More than 2 million individuals die worldwide each year because they don’t have access to renal replacement therapy, a recent Lancet study suggested (1). In many low- and middle-income countries, patients cannot afford or don’t have access to dialysis or transplant, said Peter Kotanko, MD, research director at the Renal Research Institute in New York.
“There is clearly a great unmet need,” Kotanko said. “The main reason why dialysis is not delivered in these areas is because of the high cost.”
Now, mathematical modeling data suggest that it may be possible to use a healthy volunteer’s kidneys in lieu of dialysis.
Kotanko and his colleagues are exploring whether it would be possible to replace the need for a dialysis machine by creating a simple machine that would allow a buddy to filter toxins from a kidney patient’s blood through a dialysis membrane with their own healthy kidneys, a process they call allo-hemodialysis.
Using mathematical modeling data, the group demonstrated that it would be possible to achieve adequate urea clearance from a 20 kg child through four 4-hour dialysis sessions with a healthy 70 kg adult. For an adult buddy to provide urea clearance for another adult, it would take 6 weekly sessions, the modeling suggested. Kotanko presented some of the group’s findings at ASN Kidney Week 2018.
The results are just the first step in many that would be needed to validate such an experimental treatment paradigm. Kotanko and his colleagues are currently doing laboratory experiments to determine the best strategies for anticoagulation in allo-hemodialysis. They hope to test allo-hemodialysis in animal studies next year.
“This is an amazingly clever idea,” said Roger Rodby, MD, professor of nephrology at Rush University Medical Center in Chicago. Rodby, who was not affiliated with the work, noted that many breakthroughs in medicine come from “out of the box” thinking.
Rodby cautioned, however, that the model focused on urea, the main toxin removed by dialysis. He noted that dialysis also performs other functions such as removing potassium and supplying bicarbonate, and it is not clear whether you could remove enough potassium or supply enough bicarbonate through allo-hemodialysis.
“Modeling should be done for the other ions [like potassium and bicarbonate] that you are affecting with a dialysis treatment to see if an expected balance could be achieved during the same treatment that modeling showed was effective for urea,” Rodby suggested.
He noted there may be other practical challenges as well, including potential bloodborne transmission of viruses or transfer of medications from one person to another.
“Putting two people on dialysis simultaneously would not be easy,” Rodby said. “The person with normal kidney function would have to sit there for 3 to 4 hours 4 times a week. That is a lot to ask anyone, but might be preferred to death of a loved one.”
Ethical issues for buddy dialysis
In addition to validating that such a model would work, there are ethical issues that would need to be addressed. These would include the potential risks to the health of the buddy, such as potential exposure to viruses or catheter-related complications.
To address whether it was ethical to further continue the research, Kontanko consulted Nicholas Steneck, PhD, a professor emeritus of history at the University of Michigan and a research integrity consultant. In an e-mail interview, Steneck noted that allo-hemodialysis is still in the development stages, and it is too early to assess many questions about the potential risks and benefits at this point.
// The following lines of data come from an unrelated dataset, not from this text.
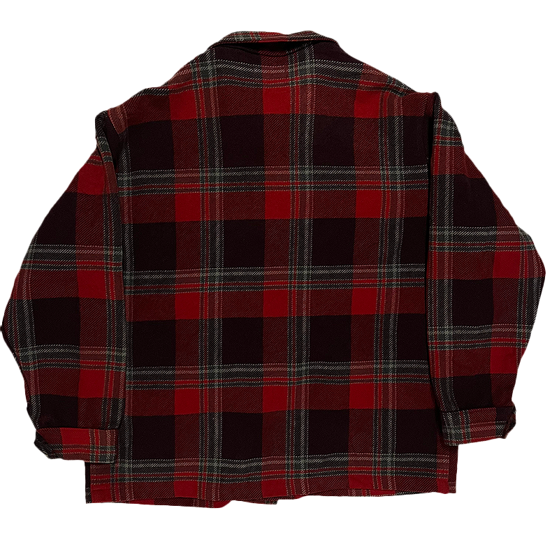 Here’s a piece that’ll make ya feel like you just stepped outta a Paul Bunyan tale. This Pendleton wool coat from the 1960s sports a bold red-and-black plaid that’s as rugged as a backwoods cabin but sharp enough for a night in town. Built tough, built warm, and built to last, this is classic outdoor Americana at its finest.
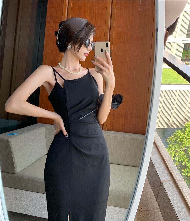 香港風レトロシックなサスペンダースカート風合い高級感のあるロイヤルシスターデザイン不規則な中空サスペンダードレス yingd34698498161
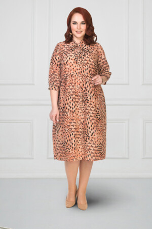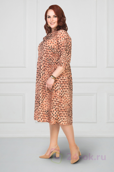 Эмилия – элегантное платье свободного силуэта из плательно-блузочной ткани с оригинальным принтом. Вырез горловины V-образный, украшен воротником, переходящим в бант. Рукава 3/4, втачные. По талии легкая сборка.
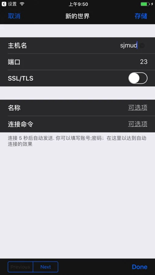 1. 同时支持多个连接,可通过自定义世界连接任意MUD。
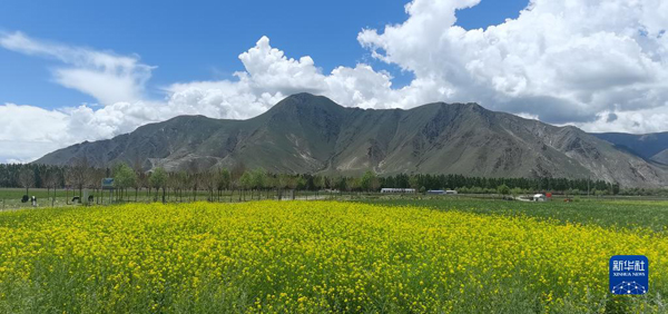 這是拉薩河畔景致(6月18日攝,手機照片)。夏日的拉薩河谷,藍天白云、綠水青山,油菜花和麥浪宛如調(diào)色板,構(gòu)成一幅生機勃勃的高原景致。新華社記者 沈虹冰 攝
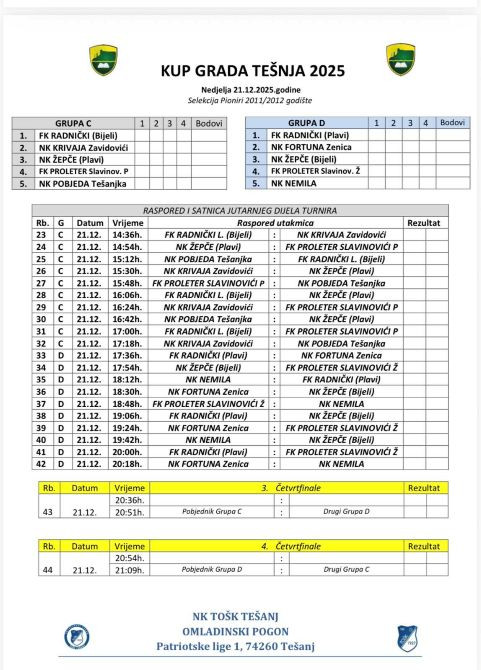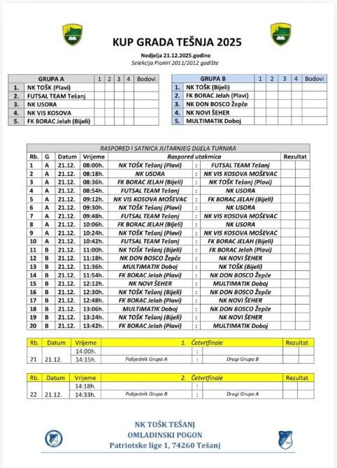 U nastavku donosimo grupe, kompletan raspored utakmica i satnicu turnira za kategoriju pionira.
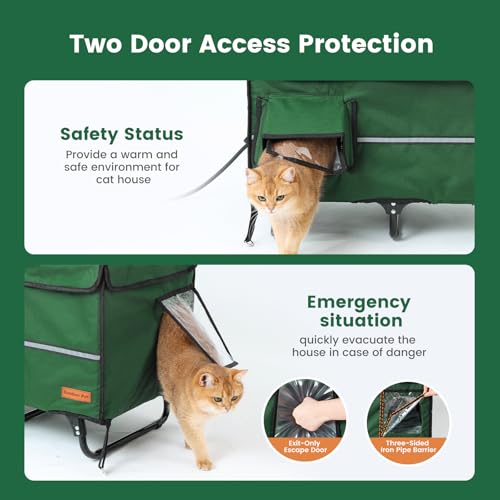 Editor's Pick: This large foldable cat house features a metal frame structure that's stable and durable. It's waterproof and insulated, making it suitable for outdoor use to provide warm shelter for stray cats. The design includes an escape door for added safety, and its green appearance blends easily with the environment.

“AlloHD does raise ethical questions, but in my view, none would suggest that further research should not be undertaken,” Steneck said. “Given the magnitude of the problem being addressed—millions of individuals who do not have access to renal replacement therapy—there would seem to be an ethical mandate to explore other treatment options. Also, given the fact that access to treatment clearly depends on economic status, there would also seem to be an ethical mandate to explore options that will serve developing countries.”
Steneck cautioned, however, that final judgments on ethics cannot be made until more research is completed on this intervention.
If the experimental technique is able to clear the next hurdles in research and development, Kotanko envisions that allo-hemodialysis sessions could be done at home using a very simple, inexpensive machine.
“We’re envisioning that the practical challenges will be much less compared to current home dialysis [options].”
So far, Kotanko said that colleagues he has spoken to in several countries including Taiwan, Sudan, and Mexico have been very receptive to the idea given its low cost and simple technology, although he acknowledged not all cultures may be accepting of the idea. He hopes the technology could ultimately provide a treatment option for patients without access to hemodialysis or transplant.
“It’s really about increasing choices,” he said.
Lianage T, et al.. Worldwide access to treatment for end-stage kidney disease: a systematic review. Lancet 2015; 14:61601–9.